The problem
I have a dataset with 4 numeric features and 1000 datapoints. The distribution of the values is unknown (numpy randint generates uniform ints, but this is just for the purpose of illustration). Given new datapoint (4 numbers) I want to find what is the cumulative probability (single number) of this specific datapoint.
import numpy as np
data = np.random.randint(1, 100, size=(1000, 4))
array([[28, 52, 91, 66],
[78, 94, 95, 12],
[60, 63, 43, 37],
...,
[81, 68, 45, 46],
[14, 38, 91, 46],
[37, 51, 68, 97]])
new_data = np.random.randint(1, 100, size=(1, 4))
array([[75, 24, 39, 94]])
I've tried:
Scipy
Can estimate pdf, do not know how to estimate cumulative probability. Possible ways are monte-carlo sim or integration (scipy.integrate.nquad) which is too slow for my case Integrate 2D kernel density estimate.
import scipy.stats
kde = scipy.stats.gaussian_kde(data.T)
kde.pdf(new_data)
Scikit-learn
Same as above, do not know how to estimate cumulative probability.

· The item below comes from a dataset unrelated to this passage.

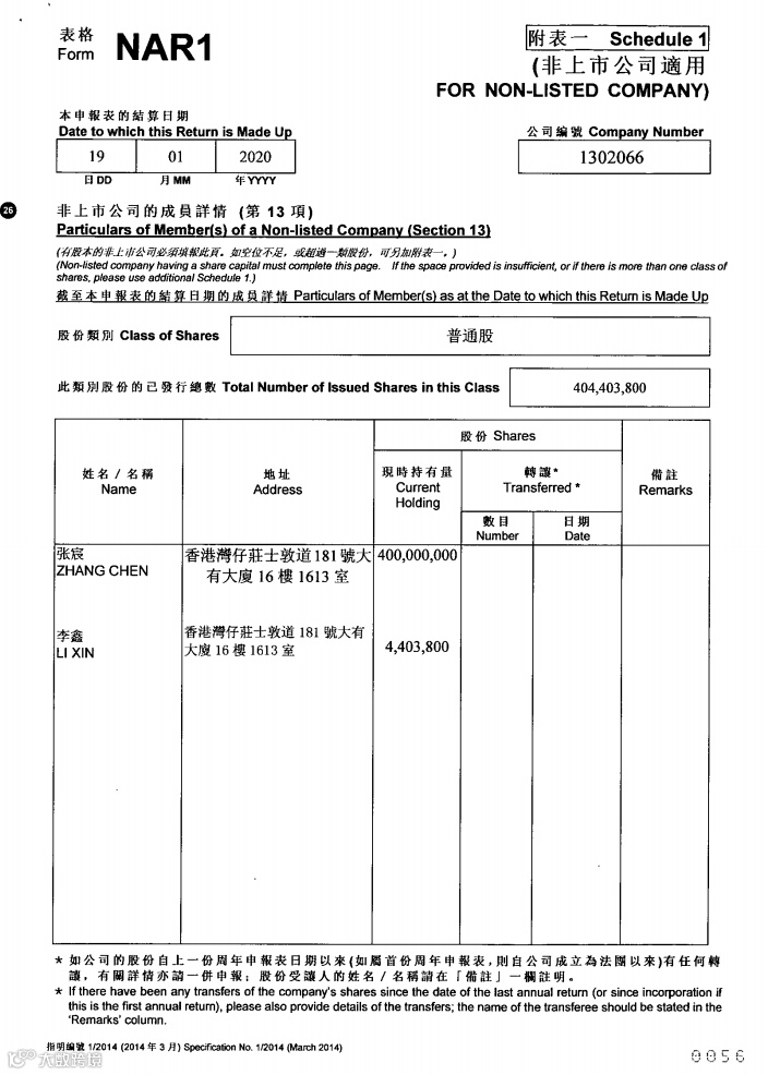 记者在香港公司注册处的网上查册中心查到这家公司的持有人是两名自然人。
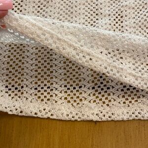 Show me your Mumu new bathing suit cover up. It is made of polyester and elastane with a crocheted look that has a bit of stretch. The size tag is not on it. I am a 10–12 and I think a M-XL would fit it best depending on how loose you would like it to be. I do have measurements in the pictures. Thank you for considering my item.🌻

from sklearn.neighbors import KernelDensity
model = KernelDensity()
model.fit(data)
np.exp(model.score_samples(new_data))
Statsmodels
Can not archive anything as this only accept 1d data.
from statsmodels.distributions.empirical_distribution import ECDF
ecdf = ECDF(data[:, 0])
ecdf(new_data[0][0])
The question is, is there a fast and efficient way to estimate cumulative probability of a 4-dimentional datapoint having the provided scipy or sklearn (preferably) models?
Am I moving in the right direction or is there a completely different way to solve this? Maybe variational autoencoders is the way to go? Are there simple ways to solve this?